Recently, some studies have been published that also use text mining to associate different types of information, a few of which also take OMIM and MeSH into account: Van Driel et al.33 associated different phenotypes with each other using OMIM and MeSH; Butte et al.30 associated phenotypes with expression data, and Lage et al.31 have associated syndromes with protein complexes through text mining of OMIM and protein–protein interaction studies.
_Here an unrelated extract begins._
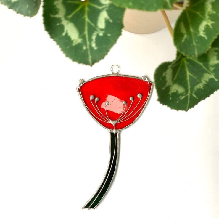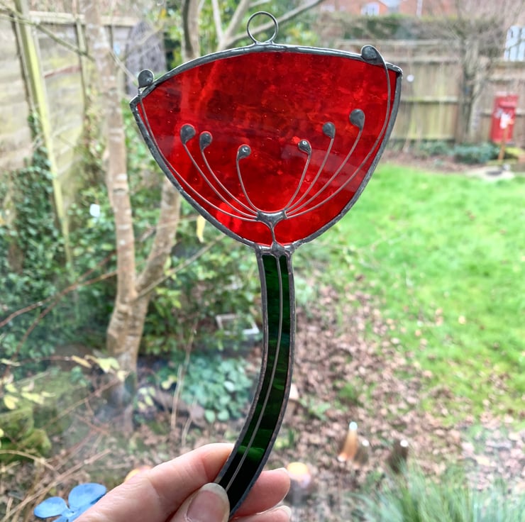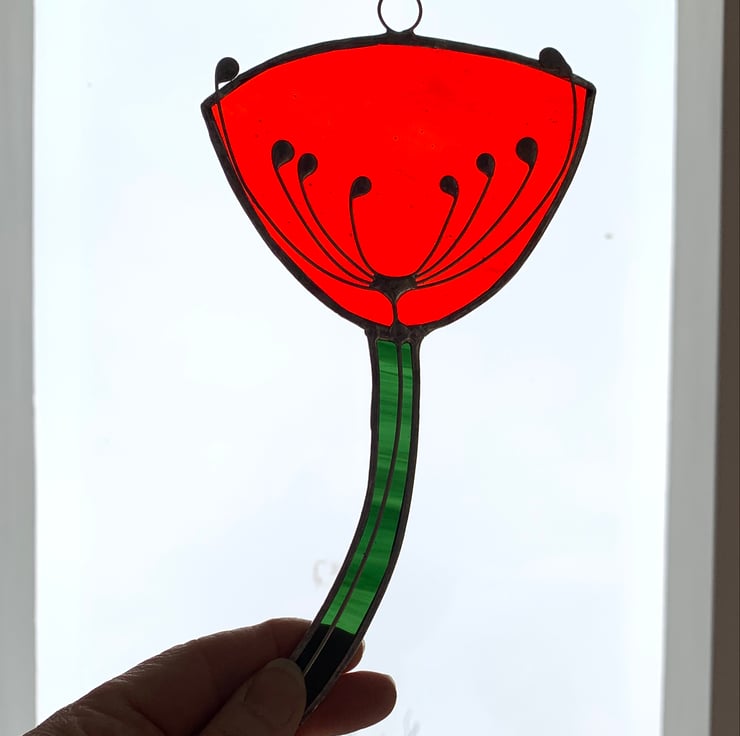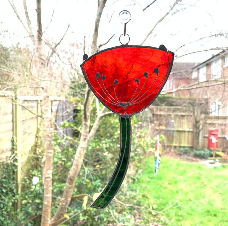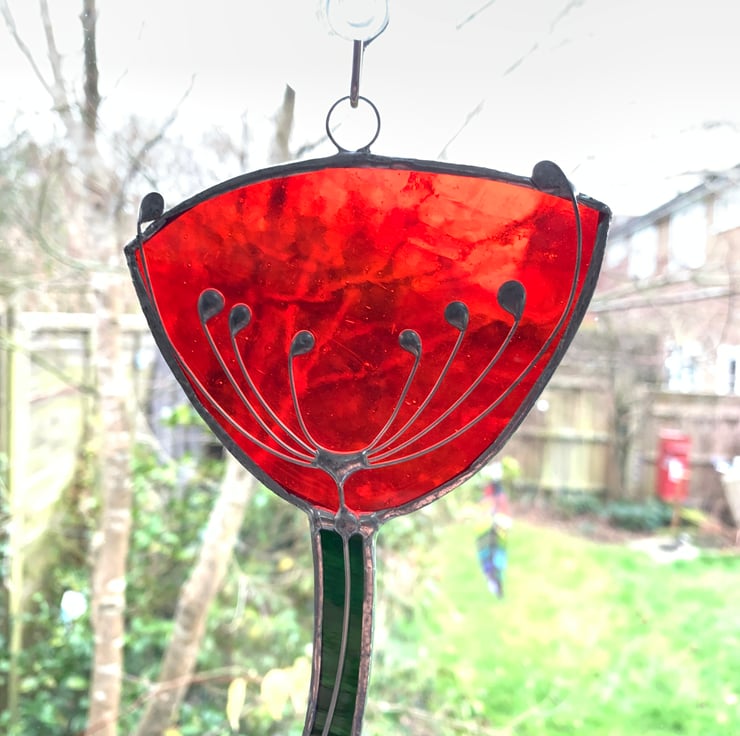 This suncatcher has been made from a lovely red sea glass and green water glass for the stem. The cow parsely has been made from tinned copper wire. Each piece of glass has been hand cut, ground, foiled and soldered together.

However, as far as we are aware, no study has used OMIM and MeSH to assess whether there are any symptoms over-represented in multiple loci that have been implicated in complex diseases, such as autism, to provide leads for the involvement of unreported symptoms in these disorders.

Although much work remains to be performed to validate the actual co-occurrence of these symptoms in autistic patients, this study might be useful in pointing to ways for better characterizing patients, thereby providing new avenues for biologically informative phenotypes, which could lead to the identification of etiologically more homogeneous groups in patients and increase the statistical power to detect genetic associations. In addition, this method can easily be applied to other psychiatric disorders, as the input for our method consists solely of a set of susceptibility loci and an optional OMIM ‘Clinical Synopsis to MeSH term’ conversion table. This method will allow researchers to gain insight into the potential involvement of unreported symptoms associated with other psychiatric disorders as well.